Where the F**k did the Trunchbull bury Cory's picnic basket in Flowers in the Attic

I have recently learned the joys of my stat box. This is how I tell how you--yes, you! there! in front of the computer!--found this blog.

Here, then, are the top five burning searches that lead people to the blog-o-rama:

The Trunchbull/pictures of the Trunchbull: The Trunchbull is this blog's common name for the grandmother from Flowers in the Attic.  Alas, this blog does not discuss Matilda or any other work by Roald Dahl (even though Matilda is one of my favorite books and Roald Dahl is one of my favorite authors).  Cathy later changes her stage name to Dahl, but I'm sure that's unrelated.

what the fuck am I reading?  Brother, we've all been asking ourselves that one.

cory buried flowers attic:   It is never explicitly stated what became of Cory's body.  In Flowers, Corrine claims to have had him buried under a false name.  Later, adult!Cathy goes searching through records to find where Cory might have been buried, but finds that there weren't even any records of any male children Cory's age who died on that particular day in the state.  When Cathy confronts her mother, Corrine admits that Cory died before reaching the hospital and that she disposed of his body in a ravine. 


But then, the mysterious and confusing part kicks in (and it's part of one of Andrews's irritating habits that I'll explicate more fully when the actual scene happens): Cathy claims to have discovered a mysterious room in the attic, a room with a strong odor of decay and death.  The implication, obviously, is that Corrine hid her son's body up there and zOMG, Cory never left the attic!  The irksome thing is that we never actually see this scene happen, so it's ambiguous as to whether or not Cathy's telling the truth.  However, the accusation causes Corrine to have a full-on psychotic break, implying that there's at least a grain of truth to it.

Still a lot of questions there.  Did Cory die en route to the hospital, as Corrine claimed, and she hid him in the attic where she knew his body would never be found?  Or--and a lot of people seem to think this--did she never even bother with the hospital, simply abandoning her son in a locked, hidden room in the attic, essentially burying him alive?

Short version: we never find out what became of Cory's body, but there is a good 80% chance it was stowed in the attic of Foxworth Hall and ultimately consumed by fire when the house burned down.

case-of-the-keyhole-covers:  This search hit particularly pleases me, because it means that someone is deliberately and purposefully Googling for something that I wrote.  It's right here if anyone wants it.  I hope you're not in marketing; I say some pretty mean things about you guys in that post.
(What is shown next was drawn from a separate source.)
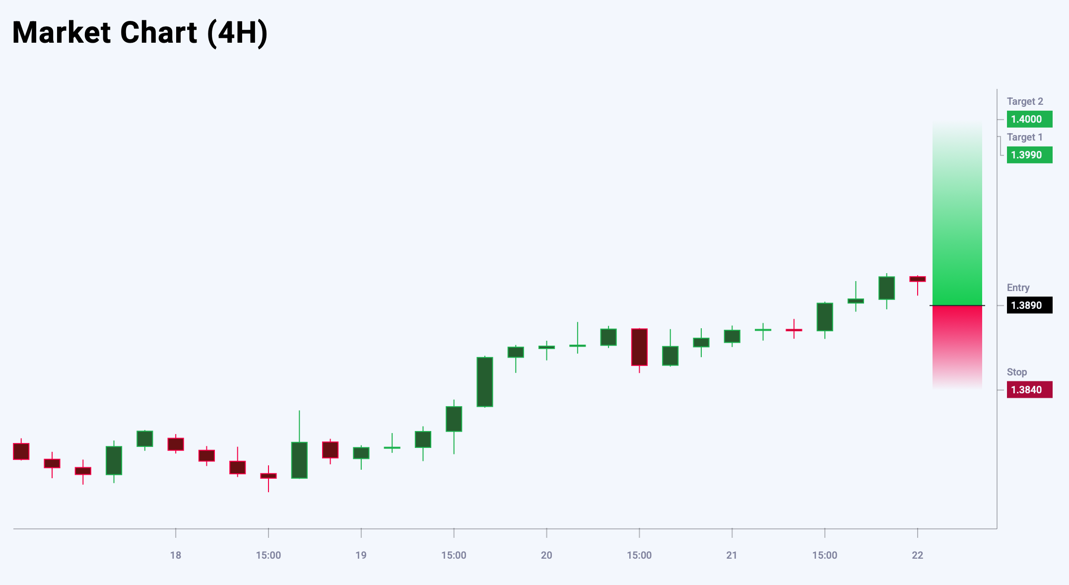 News sentiment for EURUSD shows a strong bullish bias – 59% vs 41%. The risk-to-reward ratio is 1:4. The potential profit is 80 pips at the first take-profit target and 95 pips at the second, with possible losses limited to 20 pips.

Bart Winslow flowers in the attic: Bart is Corrine's virile strapping moustachio'd sex-bomb attorney of a second husband (represented here by Magnum PI* himself, Burt Reynolds).  He will make his first real appearance later in the Petals recaps.  I have feelings about Bart.  They are not sexy feelings.
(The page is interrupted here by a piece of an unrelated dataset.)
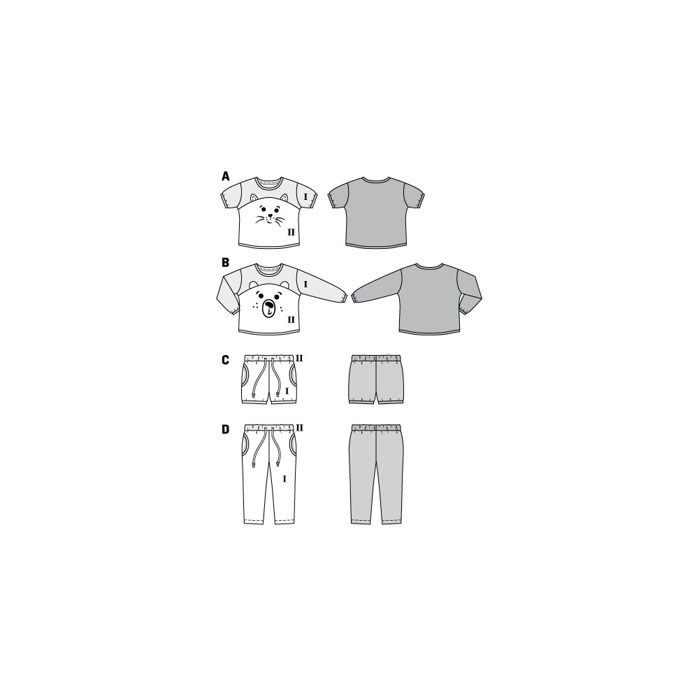 Střih ve velikostech EUR 86-122, úroveň obtížnosti šití: 2 (lehká), doporučené látky: pouze bi-elastický žerzej, lehčí teplákovina

My feelings about Burt Reynolds are completely sexy.  I am not ashamed of that.


Recap of Part Three is 3/4ths done! I'm just having trouble finding some gifs that sufficiently express my trauma over the upcoming sex scene.

ETA, 2/5/2012: I edited the title to this entry, not due to any squeamishness about dropping the f-bomb in the title, but because, ironically, I was getting hits for weird and potentially illegal porn.
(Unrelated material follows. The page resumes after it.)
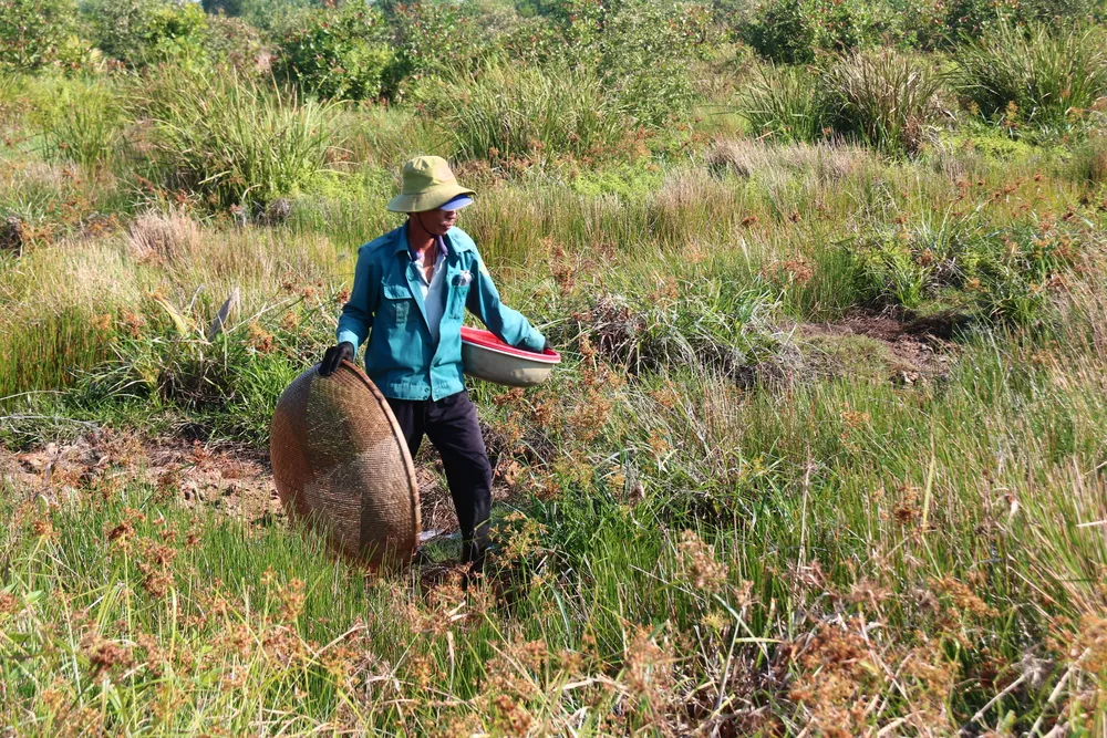 Người dân chia thành từng nhóm nhỏ để đi tìm đồng hoang dặm cá lia thia

*Gehayi pointed out in comments that Tom Selleck played Magnum P.I.  Apparently I got my moustaches mixed up.

Saturday, November 12, 2011

Petals on the Wind: The Covers

Once upon a time, when I was a mere slip of a lass, there used to be advertisements in the back of the original first-edition V.C. Andrews paperbacks from which you could, if you were so inclined, order poster-sized prints of the covers of the first three books in the Dollanganger series.  Suitable for framing and hanging over the fireplace.  I swear, this happened.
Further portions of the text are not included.